India Must Flag Concern Over Likely US Support of Removing Pakistan From FATF Grey List: M.K. Bhadrakumar
New Delhi: A plenary meeting of the Paris-based Financial Action Task Force (FATF) is being held in Beijing this week to give Pakistan another opportunity to get itself off the group's Grey List and prevent its economy from going into a debilitating financial tailspin.
The transforming relationship between the US and Pakistan over the past month despite Islamabad still falling short of not meeting anti-terrorism actionable goals set by the Paris-based Financial Action Task Force (FATF), is a disturbing development, a former Indian diplomat said on Thursday.
"There are visible signs that the relationship between the US and Pakistan is transforming. Look at the kind of developments taking place over the last few weeks to a month. US Assistant Secretary of State for South and Central Asia, Alice Wells, is in Islamabad applauding the progress made by the latter in complying with the FATF action plan", India's former envoy to Uzbekistan and Turkey M.K. Bhadrakumar elaborated.
"This is very disturbing. Those in charge of Indian foreign policy, diplomats, etc., need to express their concerns over this development with Washington seriously. Pakistan continues to fall short in giving answers to the 150 questions put to it by the FATF last year. If the US green lights the FATF to ease off, it means Washington is letting Islamabad off the hook, which would be hurtful to India," Ambassador Bhadrakumar further stated.
The former Indian diplomat was referring to a statement issued by Pakistan's Interior Ministry earlier this week, saying its officials had briefed Wells and the US delegation about the "significant progress" Islamabad had made on "legislative and administrative matters" to ensure compliance with the action plan outlined for Pakistan by the FATF, and Wells applauding "the progress".

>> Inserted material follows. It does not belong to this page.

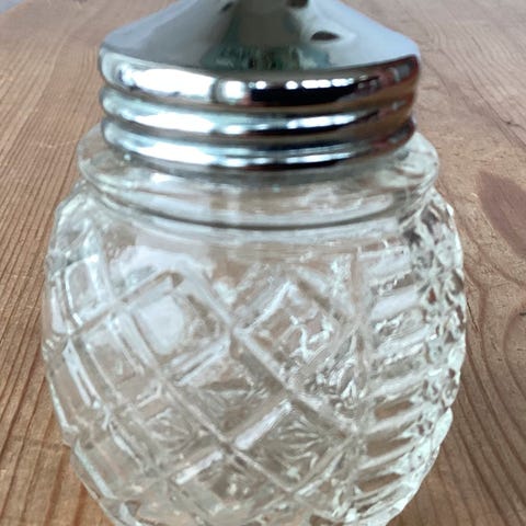 GLASS- 1 MEGET FLOTT salt bøsse med metall skrulokk. Kraftig spiralformet glass. Høyde 6,3 cm, veier 165 gram. Bredde ca 5 cm. Spiralformet mønster på glasset som gir et dekorativt preg. Lokket har hull for jevn dryssing av salt. Står «S» for salt, øverst på metall lokket. Passer til bruk på kjøkkenet eller middagsbordet. Glassbeholderen har ingen skade, eller slitasje. MEGET FIN!! Se alle bildene fra mange forskjellige sider. Den kan sendes, eller hentes her i Sandfjord, eller avtale henting i Tønsberg på Tolvsrød.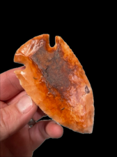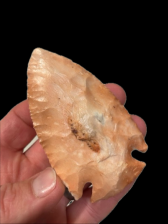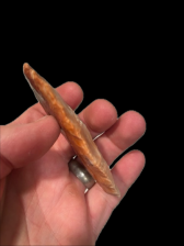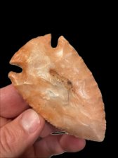 A pink and red Hopewell blade. This has what I believe is a crinoid fossil in the middle of the point. You can see it from both sides!

"The US and India's perceptions about terrorism and its attendant problems are different. We (India and its foreign policy establishment) need to do much more to highlight Pakistan's state sponsorship of terror and encouraging terror outfits to attack India from its soil," Bhadrakumar said.
Another incident that should ring alarm bells in New Delhi was the US Department of Justice confirming the indictment of five Pakistan-origin males, currently based in Canada, the United Kingdom and Hong Kong, this month, for their involvement in allegedly acquiring American-origin nuclear technologies and goods and supplying them to the Advanced Engineering Research Organisation (AERO) and the Pakistan Atomic Energy Commission (PAEC) through a Rawalpindi-based front company, he said.
Ambassador Bhadrakumar maintained that the closer relationship between Washington and Islamabad is connected to developments in war-ravaged Afghanistan, where the desperate US and its President Donald Trump are looking towards Pakistan to help get American soldiers deployed there, out of the region.
He also said that after the Trump Administration announced the resumption of International Military Education and Training (IMET) programs for young Pakistani army officers, and expressed its desire to enhance bilateral economic and commercial cooperation with Islamabad, Washington and New Delhi would need to reassess and possibly rework their strategic ties.
Pakistan is expecting that the FATF may grant it another postponement, probably until June 2020. The FATF had in its October 2019 plenary meeting kept Pakistan on its grey list for an extended period until February 2020.
It had warned Islamabad that it faced being put on the blacklist along with Iran and North Korea if it did not comply with action points related to anti-money laundering and counter-terrorist financing identified by the FATF.
Islamabad has repeatedly been accused by India and other FATF member countries of not taking action against UN-designated terrorists. These member nations have also said that Pakistan's anti-terror law is still out of sync with globally accepted standards.